Tuesday, July 12, 2016

Pokemon Go Safety

Pokemon Go has brought millions of people out from their living rooms and into the great outdoors in the past week. I haven’t seen a social force as strong as this game in a long time. The number of bikers, dog walkers, pedestrians has increased dramatically and I think there are some safety points to put out there.

As a fellow player, I’m happy to see people walking in parks, getting together with friends to play.
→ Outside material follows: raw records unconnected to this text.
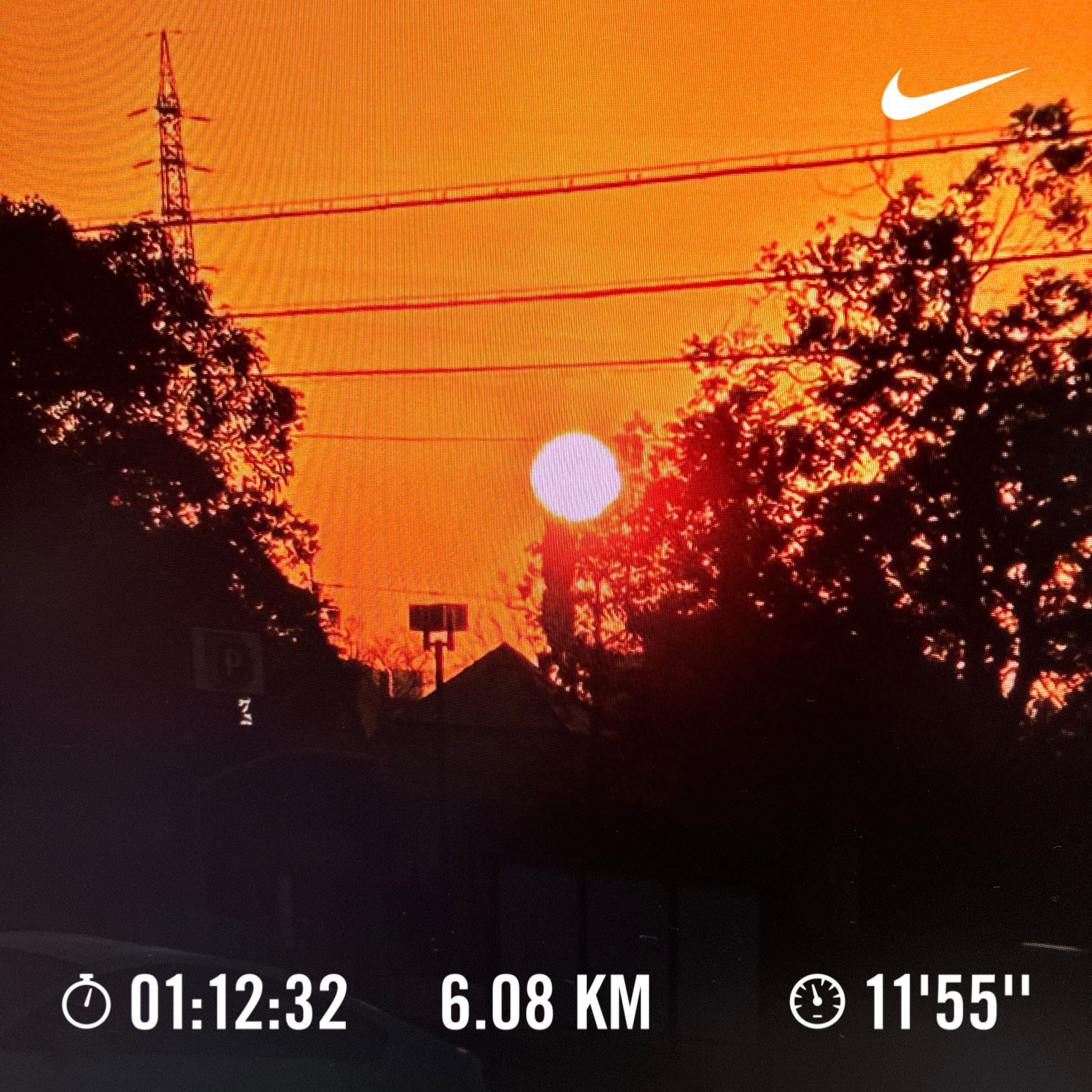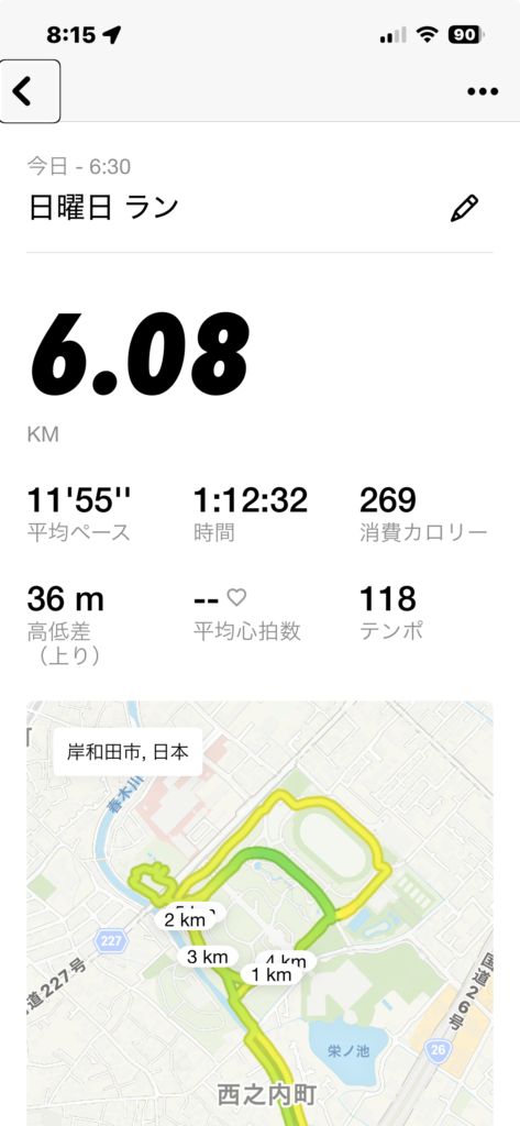 屋外ウォーキング 1時間12分、距離:6km、ペース:キロ11分55秒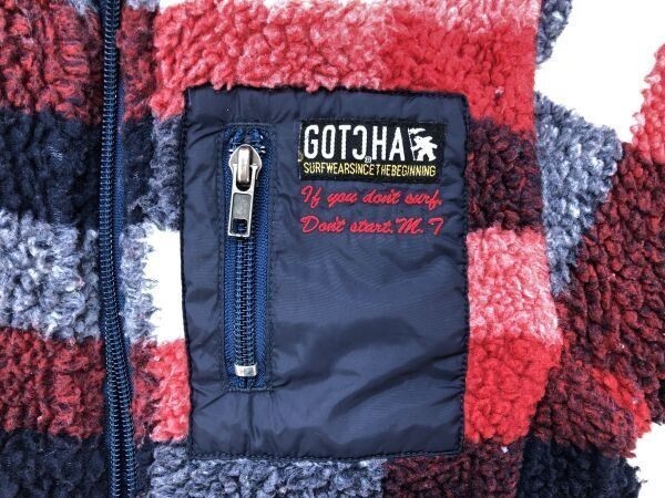 レトロ サーフ アメカジ ストリート キッズ 古着 ガッチャ GOTCHA ロゴ刺繍 ボア フリース ジップアップ ブルゾン ジャケット 110 赤 青 紺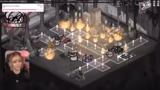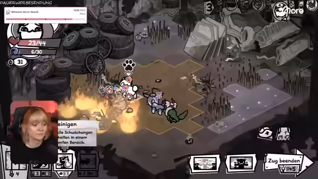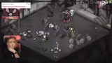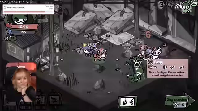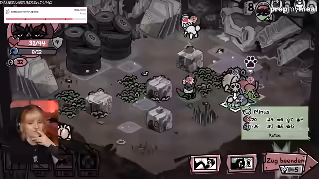 01:44:56Im Spiel kämpft der Streamer gegen eine Bombe in Dornen, die großen Schaden anrichtet. Die Strategie ist, die Bomben zu zerstören, bevor sie explodieren, während die kleineren Katzen nicht als Hilfstruppen agieren. Der Kampf ist sehr schwierig und heikel, da eine falsche Bewegung zur Explosion führen kann. Es herrscht eine angespannte Atmosphäre, da die Gesundheit der eigenen Truppe stark abnimmt und die Bombe nicht anvisiert wird.
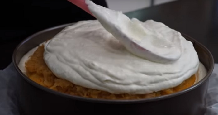 9. Następnie na nadzienie jabłkowe rozłóż połowę kremu śmietanowego, powinien wyjść poza krawędzie ciasta. Powtórz warstwy zaczynając od ciasta, potem jabłka i krem śmietanowy. Wygładź warstwę śmietanową wokół torcika i wstaw do lodówki na całą noc.

As a police officer, I see a concerning trend that permeates all players to some degree: a lack of situational awareness.

By now, you’ve probably read articles about how PG players were targeted by robbers in St. Louis and the number of drivers stopping in roadways or involved in accidents while trying to catch a pokemon. It’s so easy to say, “Oh, but I don’t play when I’m driving” or “I pay attention to where I’m walking.” That’s great, and I believe that a large portion of players are doing so safely.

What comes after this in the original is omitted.